GLP-1R is also expressed in the proximal tubules and glomerulus of the kidney. GLP-1R expression decreases in the glomerulus, and treatment with a GLP-1 agonist up-regulates receptor expression and ameliorates renal lesions in db/db mice (Park et al., 2007; Schlatter et al., 2007). There has been much evidence to suggest that GLP-1 signaling through GLP-1R enhances cAMP as a second messenger (Doyle and Egan, 2007). It is well known that incretin-related agents preserve pancreatic β-cell mass by suppressing oxidative stress and antiapoptotic effect (Kim et al., 2010; Shimoda et al., 2011). Likewise, exendin-4 exerts renoprotective effects partly via the action against 8-hydroxy-deoxyguanosine (8-OHdG) excretion and caspase 3 expression regulated by GLP-1R in both type 1 and type 2 diabetic rodents (Park et al., 2007; Kodera et al., 2011). TGF-β1 expression is also down-regulated after incretin treatment in these studies. Thus, we tested the hypothesis that inhibition of DPP IV enhances active GLP-1 levels and modulates renal GLP-1R expression, which, in turn, will suppress TGF-β1 expression and prevent oxidative stress and apoptosis. The net effect of these changes would be retardation of diabetic nephropathy. Accordingly, we examined the effects of a DPP IV inhibitor, LAF237, on the kidneys of streptozotocin-treated type 1 diabetic rats.

Materials and Methods

Animals.

Male Sprague-Dawley rats (5–7 weeks; Damool Science, Daejeon, Korea), weighing 180 to 200 g each, were housed in a 12-h light/dark altered room at a constant temperature of 24°C, with food and water available ad libitum.
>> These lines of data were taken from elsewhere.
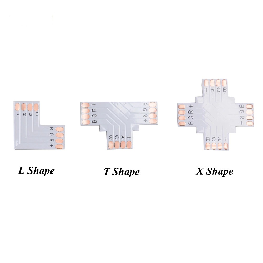Emenda Rápida Conector Pcb Em L X T P/ Fita Led 5050 Rgb 4 Vias 10mm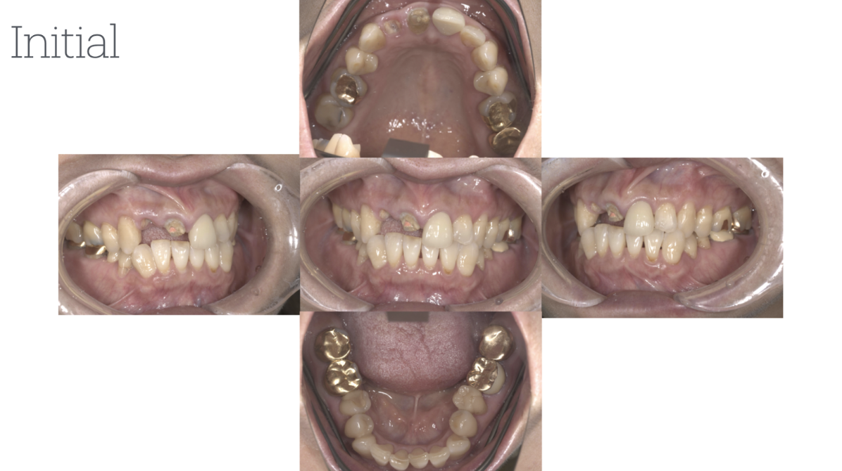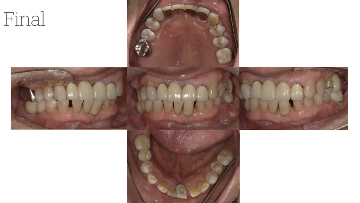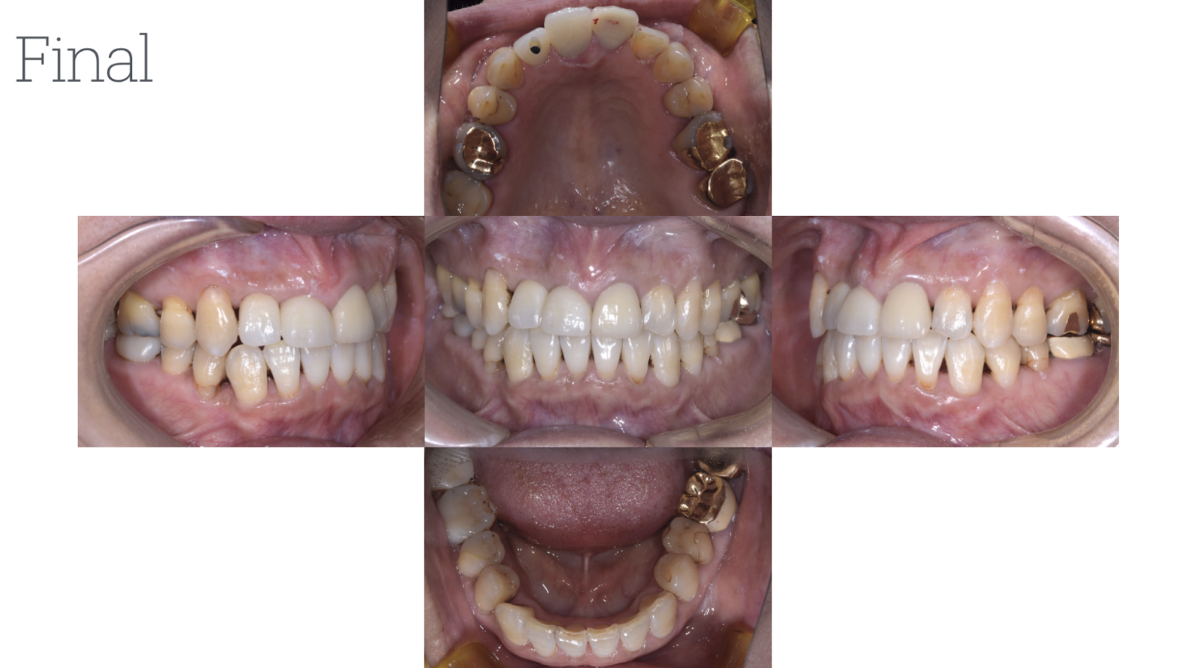 主訴:定期的なメインテナンスを長年行ってきたが、前歯が揺れ始め、奥歯が噛めない状況になったため、当院にて相談。このままでは歯を失うリスクがあったため、全顎的な治療を希望。まずは、奥歯が噛めるように矯正治療を開始。同時に歯周治療を徹底的に行った。その後、保存不可能な歯は抜歯を行い、インプラント治療・被せ物による噛み合わせの調整を行った。現在、治療後定期メインテナンスを行ってい、安定した状態を保っている。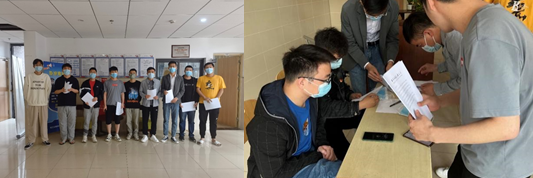 为响应校园疫情防控工作,研究生第三党支部组织支部成员成立临时党小组,对宿舍楼逐一进行核查,清点宿舍楼内的在校人数以及核酸采样的落实情况。同时,本支部在宿舍楼设立党员值班服务先锋岗,将学校网格化管理工作要求落实落细落地。先锋岗由党小组成员进行轮流值班,每两位党员轮班一个小时,一天轮值十四个班次。党员值班期间协助宿管阿姨展开工作,保证同学们在规定时间有序出门;做好防护知识宣传,如提醒同学们佩戴好口罩或为没有口罩的同学提供口罩;时刻准备消毒酒精,以便同学们进出宿舍楼消毒等。

Diabetes was induced by a single intraperitoneal injection of streptozotocin (STZ; Sigma, St. Louis, MO; 60 mg/kg body weight) dissolved in 0.1 M citrate buffer, pH 4.5. One week after the verification of diabetes (designated as week 0), diabetic and nondiabetic rats were stochastically divided into three and two groups (n = 6–9 per group), respectively. During 12 h of nighttime LAF237 (vildagliptin; Novartis, Basel, Switzerland) was dissolved in an appropriate volume of water and administered orally at 4 or 8 mg/kg/day to diabetic rats and 8 mg/kg/day to nondiabetic rats for 24 weeks. Diabetic and nondiabetic control rats received the equal volume of vehicle within the same time. Enough water was offered in the daytime, and food was available ad libitum during the entire experimental period for all five groups. Body weight and tail blood glucose were measured every 2 weeks after 8 h of fasting (in the daytime) throughout the study period. HbA1c was determined by an aminophenyl-boronate-agarose affinity chromatographic method (Glyc-Affin GHb; Seikagaku Kogyo, Tokyo, Japan) at week 24. All animal procedures adhered to the Institutional Animal Care and Use Guidelines at Chonbuk National University Medical School.

Plasma Parameters.

After overnight fasting of the rats in weeks 12 and 24, blood samples were collected at 2, 4, and 8 h postmeal via the tail vein, and plasma was prepared. Plasma insulin and active GLP-1 levels were measured by using enzyme-linked immunosorbent assay kits (Linco Research, St. Charles, MO).

Renal Function.

In weeks 12 and 24, the urine from each rat was collected in a metabolic cage (Nalgene; Sybron, Bend, OR) every 4 h at room temperature and then transferred to 4°C. When the final 24-h urine was obtained, the parameter values were determined immediately as follows. Urine albumin concentrations were measured by time-resolved fluorometric immunoassay (Feng Hua Bioengineering Corporation, Guangzhou, China). Plasma and urine creatinine and urea concentrations were assayed with an automatic biochemistry analyzer (Olympus-2000; Olympus, Tokyo, Japan). Creatinine and urea clearance were calculated by using an index of glomerular filtration rate.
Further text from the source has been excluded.